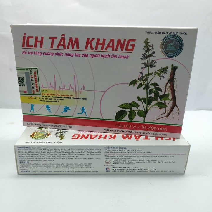 Ích Tâm Khang là sản phẩm được bào chế từ thảo dược dành cho các trường hợp liên quan đến tim như: Hẹp mạch vành, nhồi máu cơ tim, đau thắt ngực.Thành Phần Ích Tâm Khang:+ Cao Natto: 50mg+ Cao Đan sâm: 100mg+ Cao Vàng đằng: 50mg+ L – Carnitine: 20mgCông Dụng Ích Tâm Khang:Giúp phòng ngừa suy tim.Hỗ trợ đ.ieu t.rị suy tim:Làm giảm nhanh các triệu chứng của suy tim, suy tim sung huyết như mệt mỏi, khó thởm ho, phù, xanh xao, hồi hộp.Làm chậm tiến trình suy tim, giúp cải thiện tuần hoàn mạch vành nhằm giảm đau thắt ngực.Giúp tăng cường sức khỏe tim mạch nên cải thiện chất lượng cuộc sống và kéo dài tuổi thọ của bệnh nhân suy tim.Cách Dùng Ích Tâm Khang:- Hỗ trợ đ.ieu t.rị suy tim: Ngày uống 2 lần, mỗi lần 2 viên- Phòng ngừa suy tim: Ngày uống 1 lần 2 viên.- Nên uống trước bữa ăn 30 phút hoặc sau khi ăn 1 giờ.- Nên dùng theo đợt liên tục từ 4 – 6 tháng để có kết quả tốt.*Lưu ý:- Tác dụng của sản phẩm tùy thuộc vào cơ địa của từng người
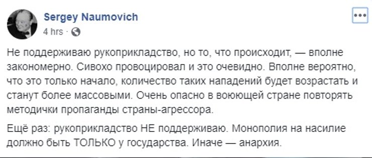 Впрочем, часть лидеров общественного мнения посчитали, что Сергей Сивохо был наказан за свои необдуманные слова, а Нацкорпус якобы просто выразил действиями то, что многие критики советника секретаря СНБО писали в комментариях. Некоторые при этом умудрились соблюсти этикет и осудить рукоприкладство.
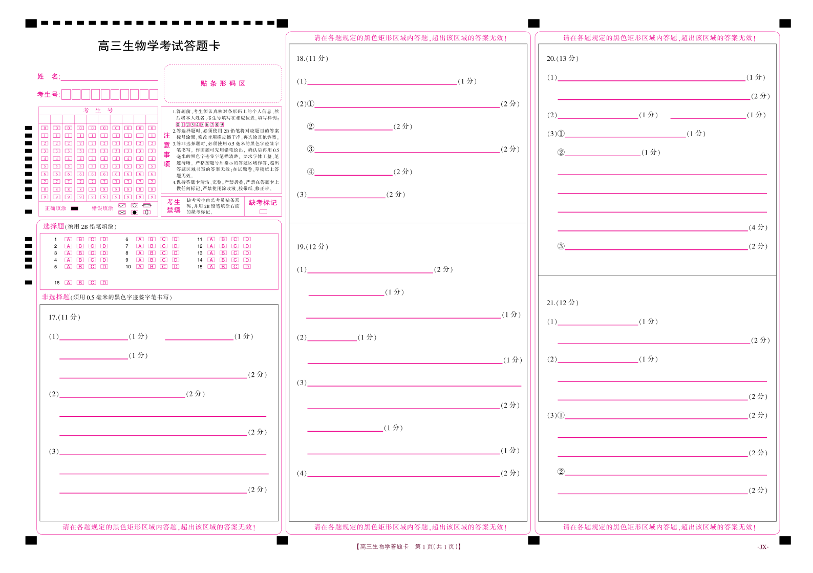 江西省2026届高三上学期1月百万大联考 生物学答题卡.pdf
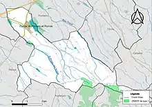 L'occupation des sols de la commune, telle qu'elle ressort de la base de données européenne d’occupation biophysique des sols Corine Land Cover (CLC), est marquée par l'importance des territoires agricoles (75,2 % en 2018), une proportion sensiblement équivalente à celle de 1990 (75,8 %). La répartition détaillée en 2018 est la suivante : terres arables (38,8 %), forêts (22,5 %), prairies (21,8 %), zones agricoles hétérogènes (11,3 %), cultures permanentes (3,3 %), zones urbanisées (1,3 %), eaux continentales[Note 5] (0,9 %)[21]. L'évolution de l’occupation des sols de la commune et de ses infrastructures peut être observée sur les différentes représentations cartographiques du territoire : la carte de Cassini (XVIIIe siècle), la carte d'état-major (1820-1866) et les cartes ou photos aériennes de l'IGN pour la période actuelle (1950 à aujourd'hui)[Carte 2].
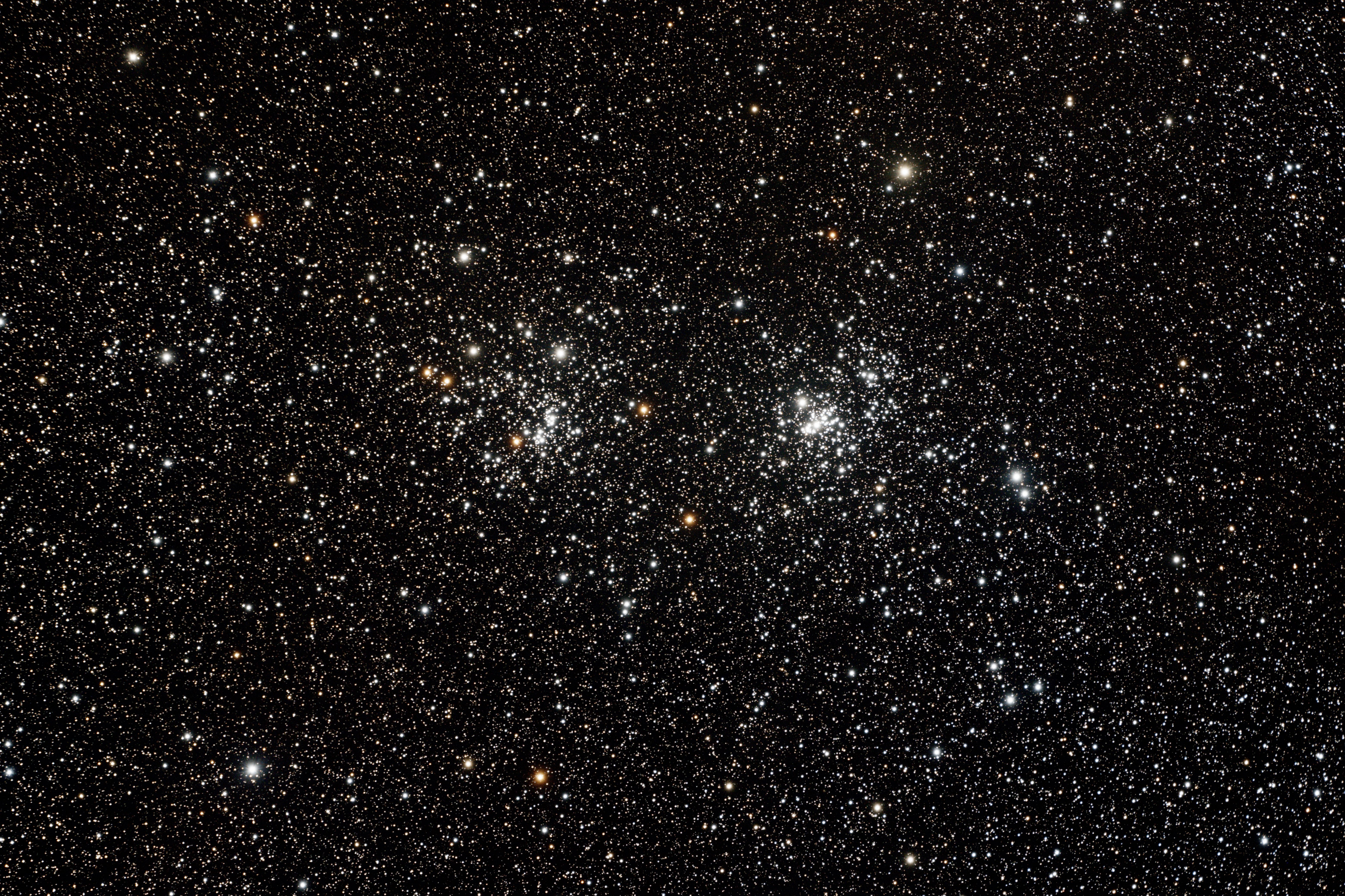 Under Eustis' dark skies the Double Cluster is easily visible with the naked eye as a fuzzy patch to the left the W shape formed by the stars of the constellation of Cassiopeia the queen. Lying at a distance of 7,500 light years. The two components, often designated χ Persei (left) and h Persei, weigh in at 3,700 and 4,700 solar masses respectively. These clusters are comprised of hot, young, massive stars that form the core of the Perseus OB1 Association and are only about 14 million years old.
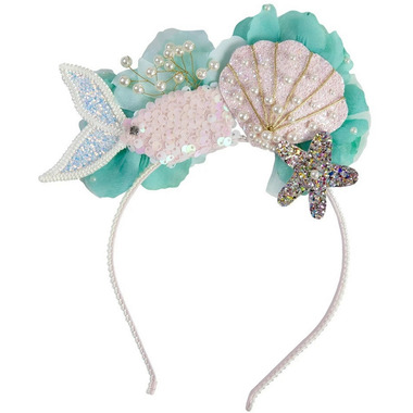Mermalicious and delicious! This headband sparkles and shines with sequins and peals, glitter and glam, silver and gold, and absolutely gorgeous ocean turquoise backdrop featuring all these amazing and intricate decals!
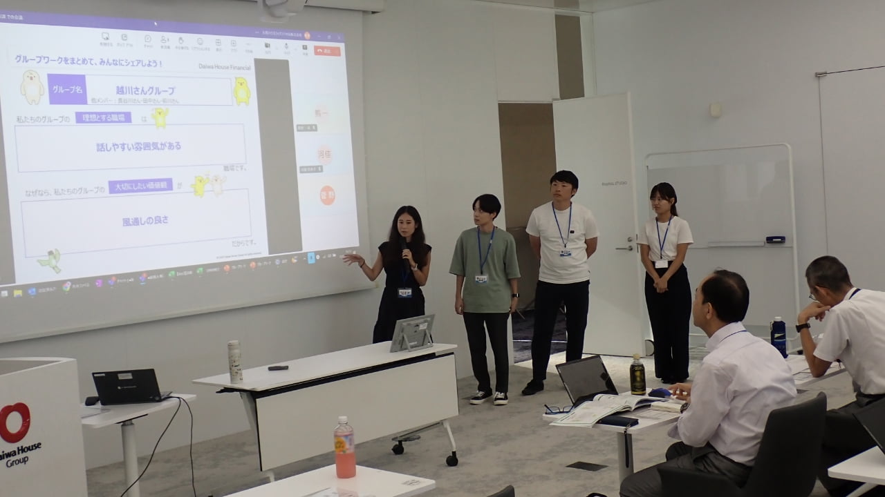 グループの保有施設「コトクリエ」でグループワークを実施。ワーク・ライフ・バランスについて話し合うことで新たな気づきが生まれます。
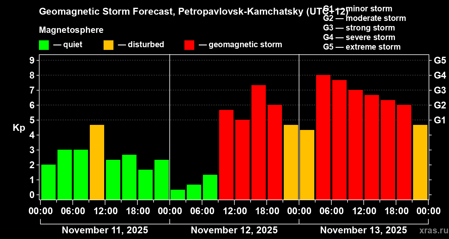 Geomagnetic storm forecast in Petropavlovsk-Kamchatsky for Nov 11, 2025
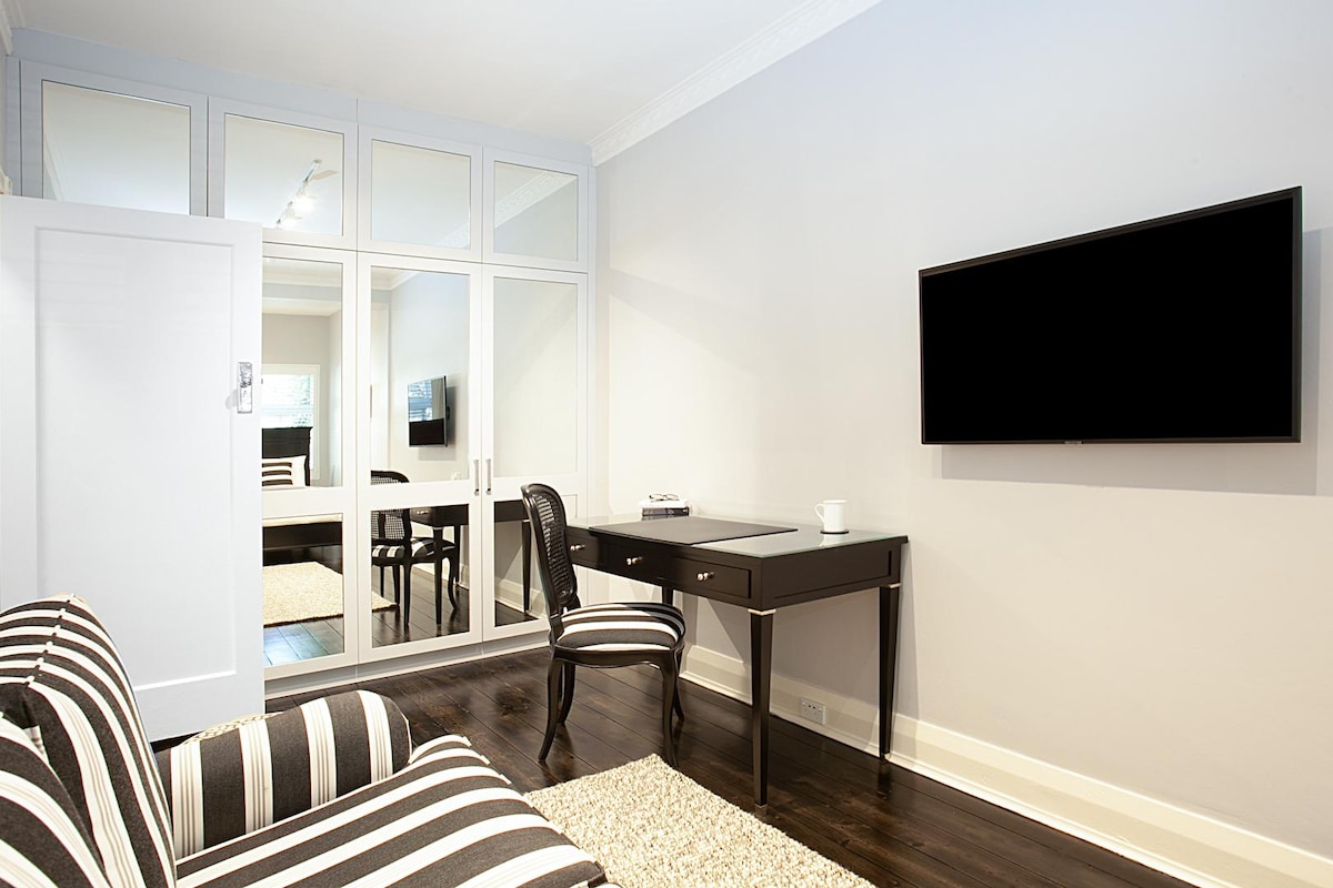 Both bedrooms feature plush queen size beds, with the main bedroom equipped with a sofa, smart TV and desk. Prepare gourmet meals in the beautiful marble kitchen and enjoy a romantic dining setting.Perfect for executive mid - longer-term stays.
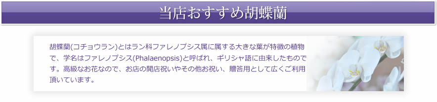 開店・開業・移転祝いなどあらゆるお祝い事から仏事まで、 オールマイティにカバーできる胡蝶蘭を
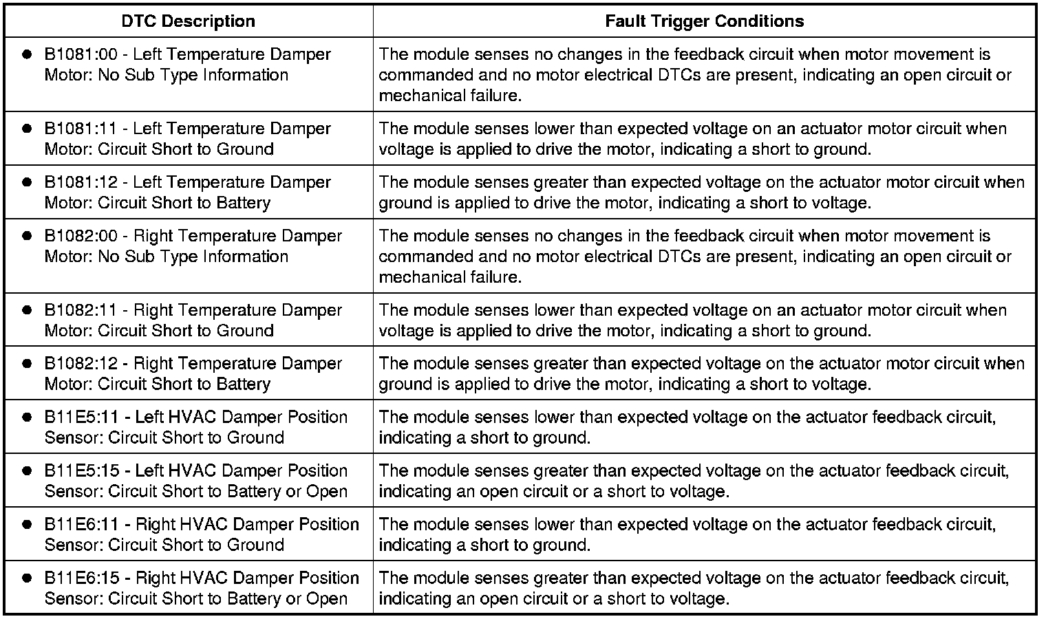Under normal operation, to rotate the temperature blend door actuator, the HVAC module supplies voltage and ground to the temperature blend door actuators through the door actuator motor circuits. To reverse the temperature blend door actuator rotation, the HVAC module reverses the voltage and ground circuits.
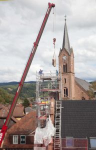 Schweres Gerät ist auf dem Rathausplatz aufgefahren. Ein Kran hilft bei der Demontage der Einzelteile. Der größte Block, der auf Firsthöhe den Schlussstein mit der Kreuzblume getragen hat, wiegt an die zwei Tonnen. Rund zwei Dutzend Einzelteile mit jeweils mehreren hundert Kilogramm stehen auf der Liste, die jetzt nach und nach abgenommen werden Kranführer Stefan Vanderlich richtet seinen Blick ständig nach oben. Millimeterarbeit ist gefordert, um von unten die Arbeiten auf dem Gerüst zu unterstützen. Ständig folgt er den Anweisungen von oben, um den Haken mit Ketten und Gurten an die richtige Position zu dirigieren. Auf dem Gerüst sind Stefan Schnakenwinkel und Ulrich Sälzle damit beschäftigt, die schweren Sandsteinteile vom Mauerwerk zu lösen und für den Abtransport am Haken zu sichern. Wenige eindeutige Handzeichen reichen für die Verständigung mit dem Kranführer, um die riesigen Brocken sicher zum Boden zu bringen. Dort warten Marc Gauthis und Anna Schindler, um die demontierten Teile auf einem Tieflader für den Abtransport festzuzurren.
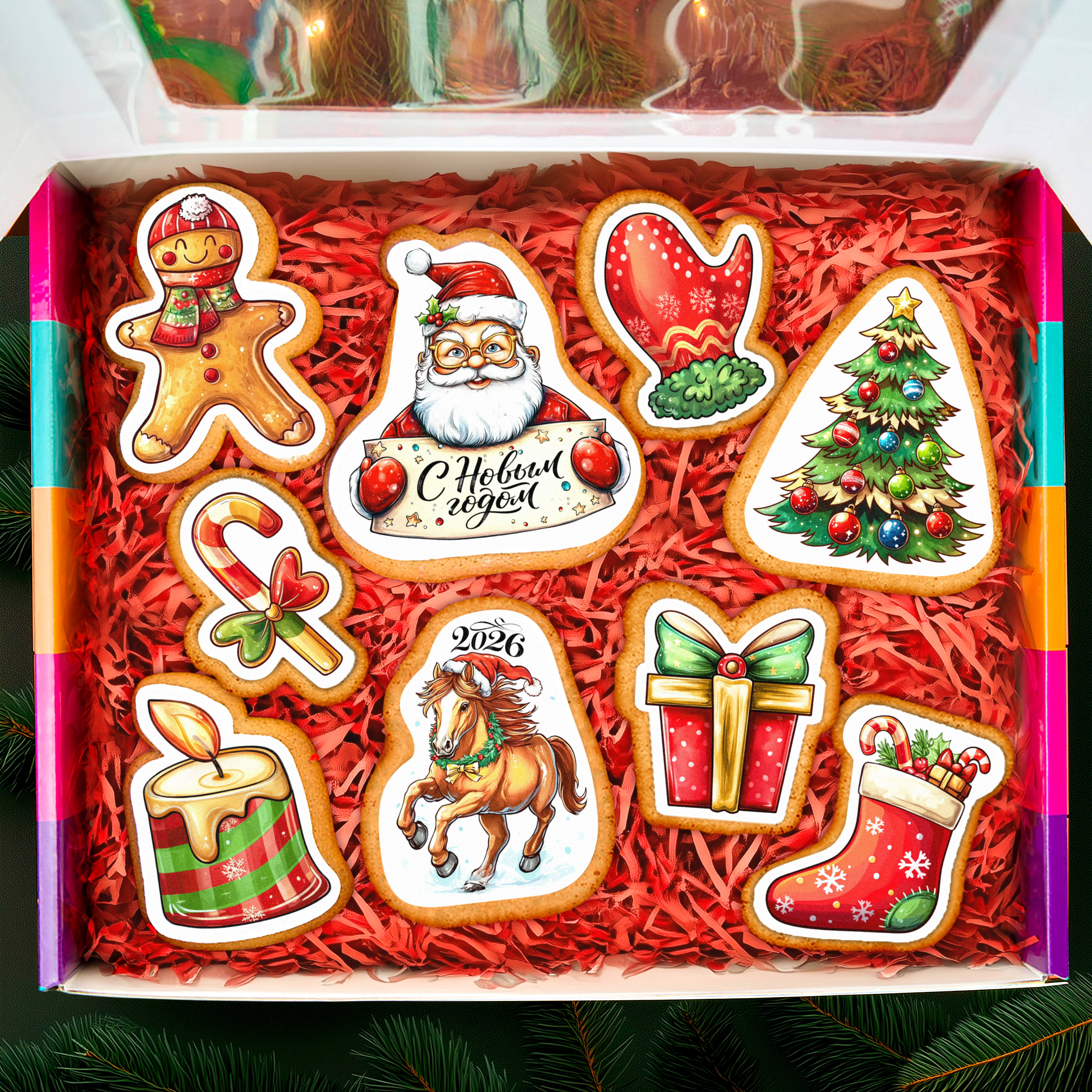 Новогодний подарочный набор имбирного печенья - пряники в форме символов Нового года в красивой коробке.
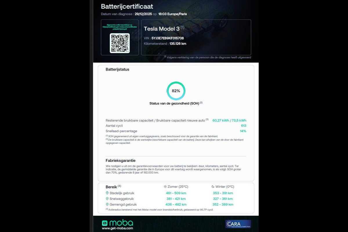 Gemiddeld elektriciteitsverbruik: 15 kWh/100km

# Work order
Retype, word for word, only the line holding "Новогодний подарочный набор" and the lines after it through the final line of the listing above, and leave every picture out.

# Problem solution
 Новогодний подарочный набор имбирного печенья - пряники в форме символов Нового года в красивой коробке.
 Gemiddeld elektriciteitsverbruik: 15 kWh/100km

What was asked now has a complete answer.